Labour leader Jeremy Corbyn has pledged to crack down on what he referred to as the “scourge” of sexual harassment during a speech to a recent union conference. Mr Corbyn is also promoting a ban on non-disclosure agreements in settlements of claims for sexual harassment.
Corbyn has also stated that under a Labour government, he would make it compulsory for bosses to reveal their anti-harassment policies. The party will also be looking to double the time frame for how long after an incident that an employment tribunal could be brought.
The House of Commons women and equalities select committee have also been told by employment specialists that the limit for the pursuit of sexual harassment claims is too short.

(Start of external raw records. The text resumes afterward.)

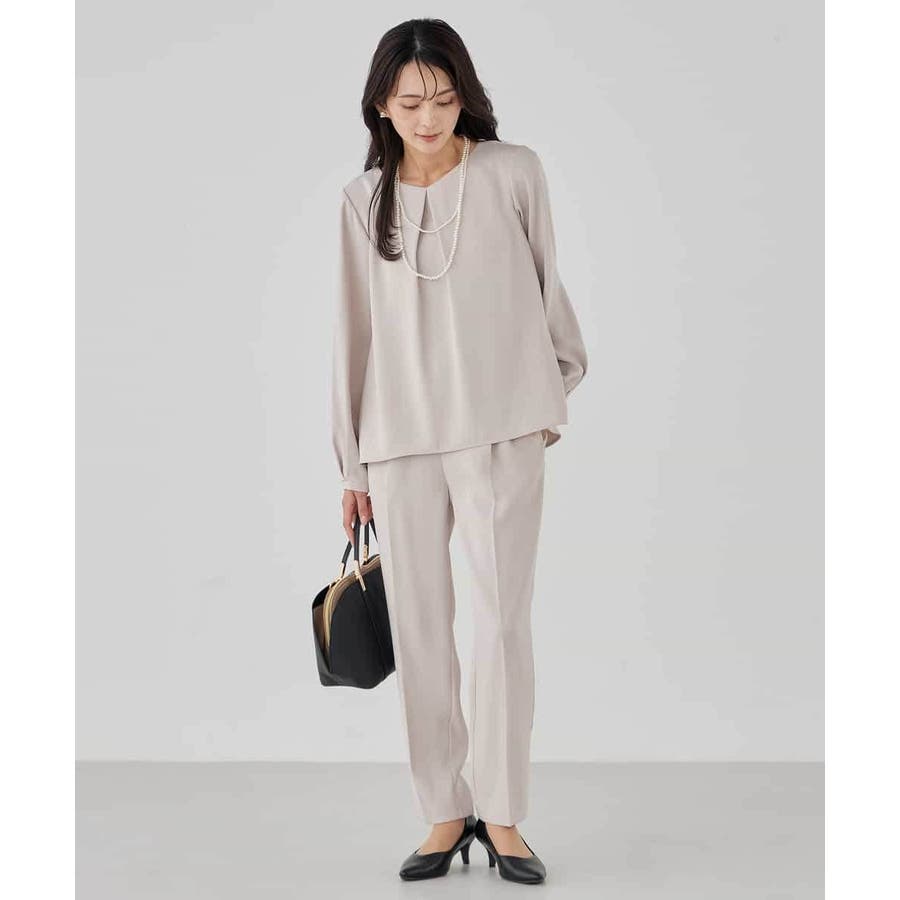 サテンテーパードパンツ【洗える/速乾/毛玉になりにくい/イージーケア】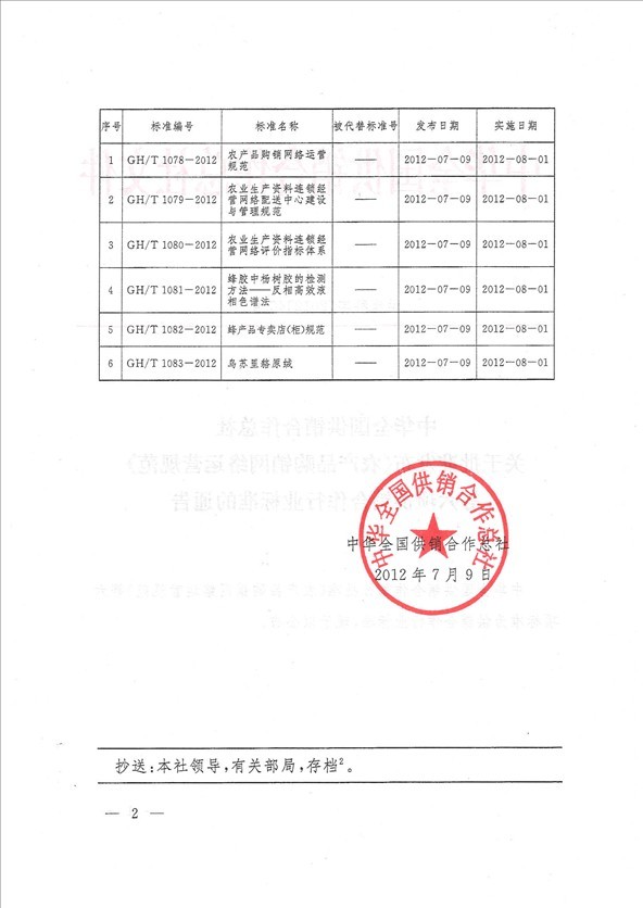 | 5 | GH/T 1082-2012 | 蜂產品專賣店(柜)規范 | —— | 2012-07-09 | 2012-08-01 |
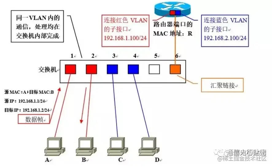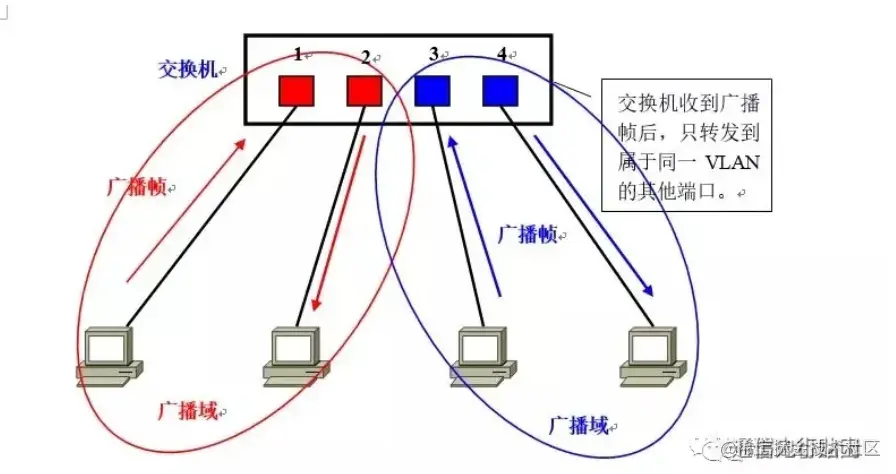再从A发出广播帧的话,交换机就只会把它转发给同属于一个VLAN的其他端口——也就是同属于红色VLAN的端口2,不会再转发给属于蓝色VLAN的端口。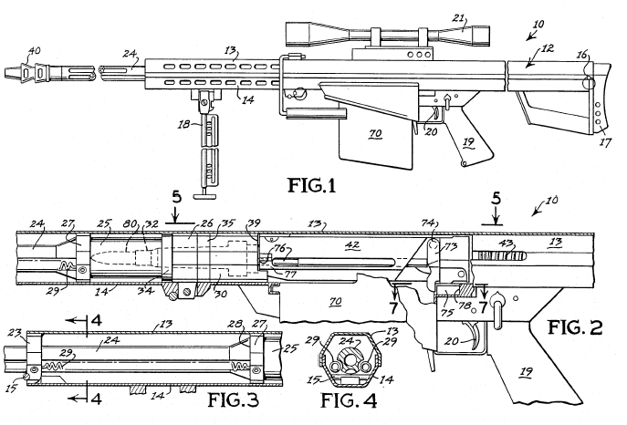 M82A1半自动狙击步枪,采用枪管短后坐原理,半自动发射方式。枪管短后座原理是著名枪械设计师勃朗宁(John M. Browning)开发的,而巴雷特将这种原理改进使之适合作为肩射武器的自动原理。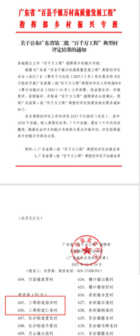 12月24日 “百千万工程”典型村建设取得新进展,街道簕冲村、仁亲村典型村建设经广东省“百千万工程”指挥部评定合格。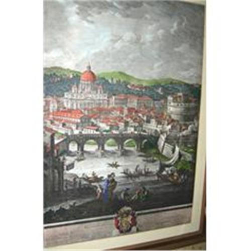 19th C. hand-colored etching of Rome. Etching: 24.5" x 35.25" plus matting. Wood frame is in fair condition, gold finish, damage in upper right hand frame face chip and lower center area 1.5" chip, minor scratches.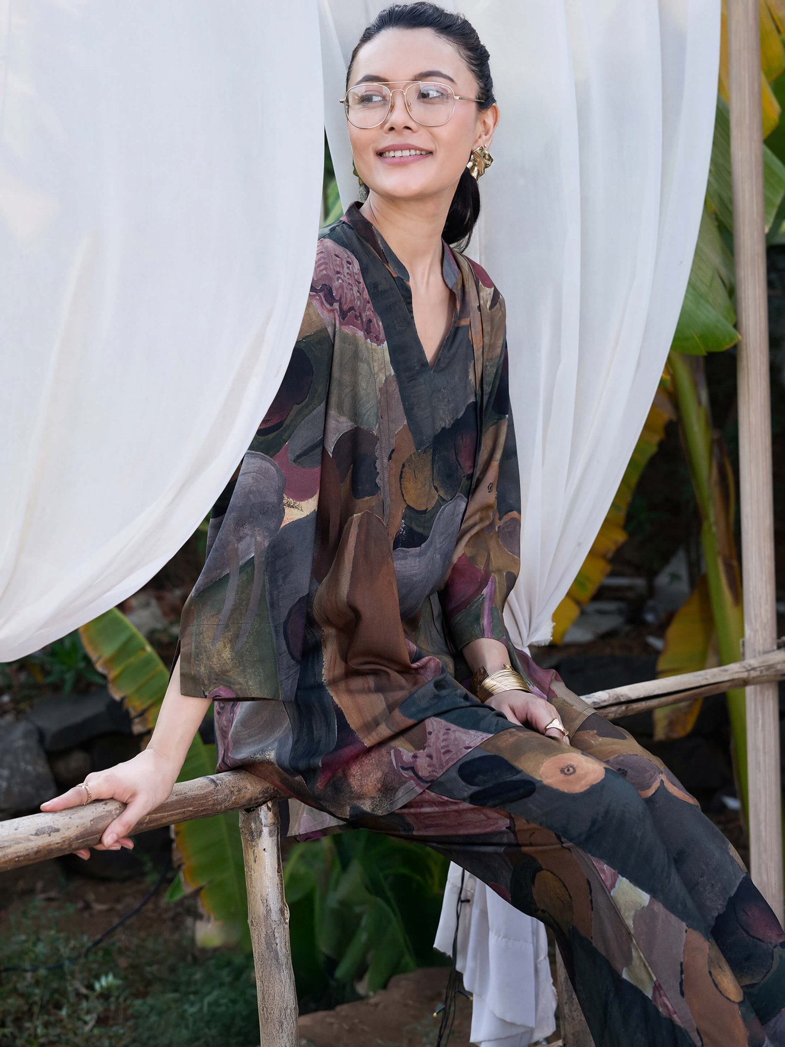 - Rayon Yellow Abstract Printed Viscos consists of shirt and pyjamas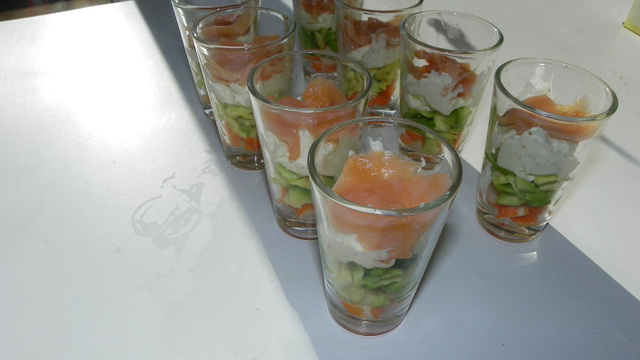 Dans 4 verrines, répartissez 3 c à s de surimi rapé. Réduisez en purée votre avocat avec un demi jus de citron puis en mettre une couche dans les verrines.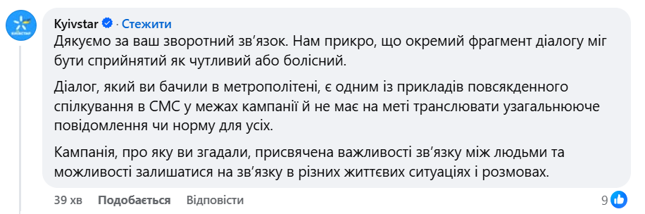 Команда Kyivstar відреагувала на публіцікацію. «Нам прикро, що окремий фрагмент діалогу міг бути сприйнятий як чутливий або болісний. Діалог, який ви бачили в метрополітені, є одним із прикладів повсякденного спілкування в СМС у межах кампанії й не має на меті транслювати узагальнююче повідомлення чи норму для усіх. Кампанія, про яку ви згадали, присвячена важливості зв’язку між людьми та можливості залишатися на зв’язку в різних життєвих ситуаціях і розмовах», – йдеться у повідомленні.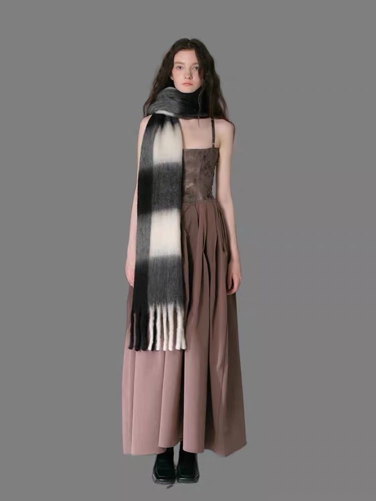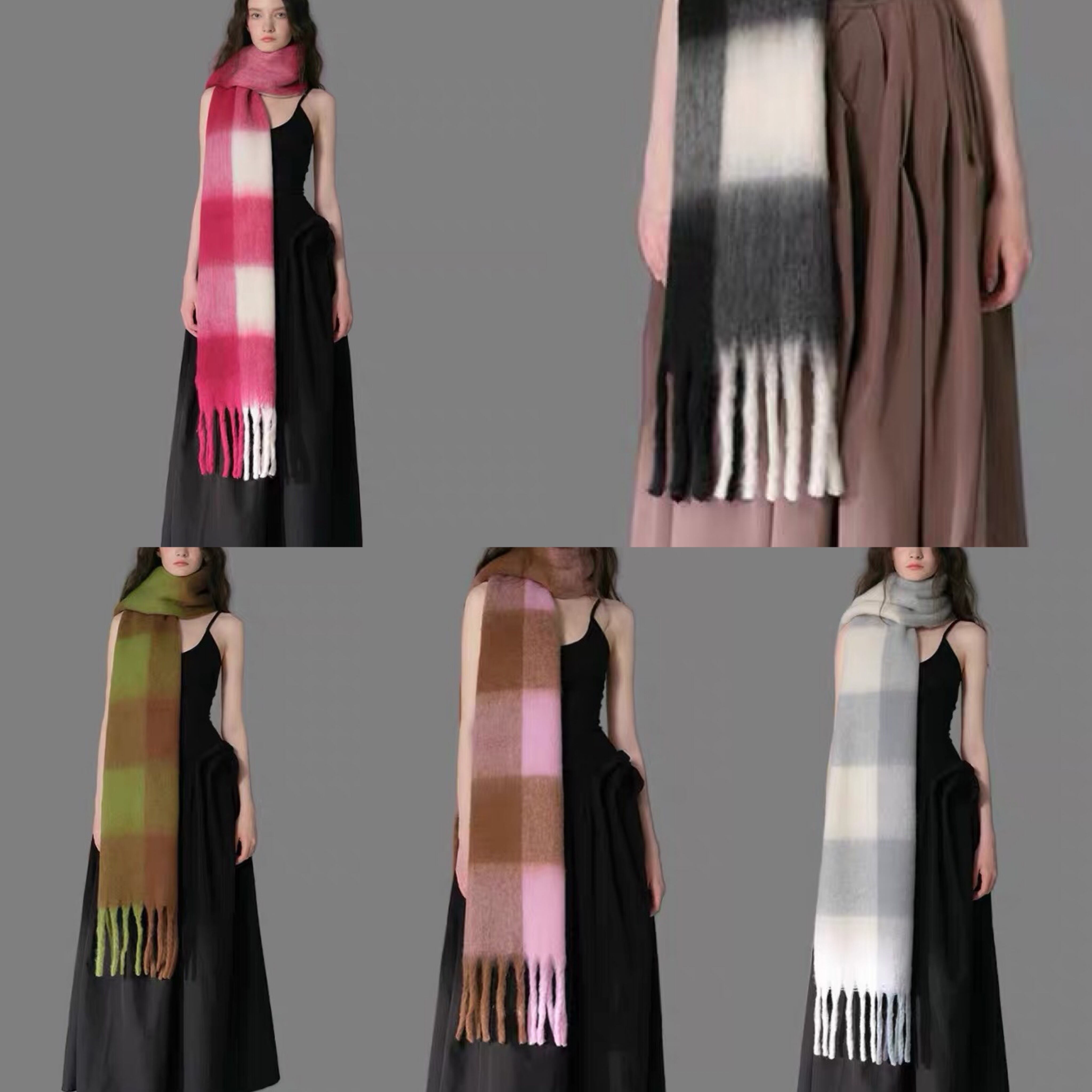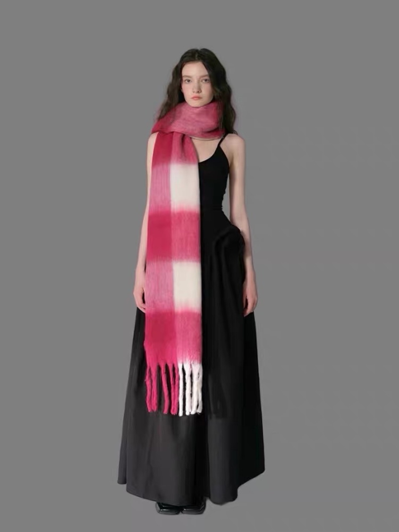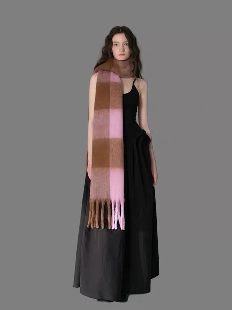 マフラー チェック 白 黒 ピンク 茶色 緑 グレー

As with most claims to the Employment Tribunal, claims for sexual harassment generally have to be brought within three months of the act complained of. However, claimants’ representatives have argued that this time frame is too short when considering the difficult position victims of sexual harassment find themselves in before turning to consider the pursuit of legal action.
The Free Representation Unit, a charity that supports people who are eligible for legal aid, argued that that the time limit is “bizarrely short” compared to other civil justice areas, such as breach of contract claims and personal injury.
Whilst it may be no surprise for a Labour leader to promote the interests of workers, few would disagree that the recent flood of stories regarding sexual harassment in various industries is worthy of concern for society as a whole.
It remains to be seen whether the building pressure on politicians to act on sexual harassment in employment will lead to significant amendments to legislation (such as increasing time limits for claims), but what is clear is that employers should not ignore the dangers of sexual harassment in their organisations.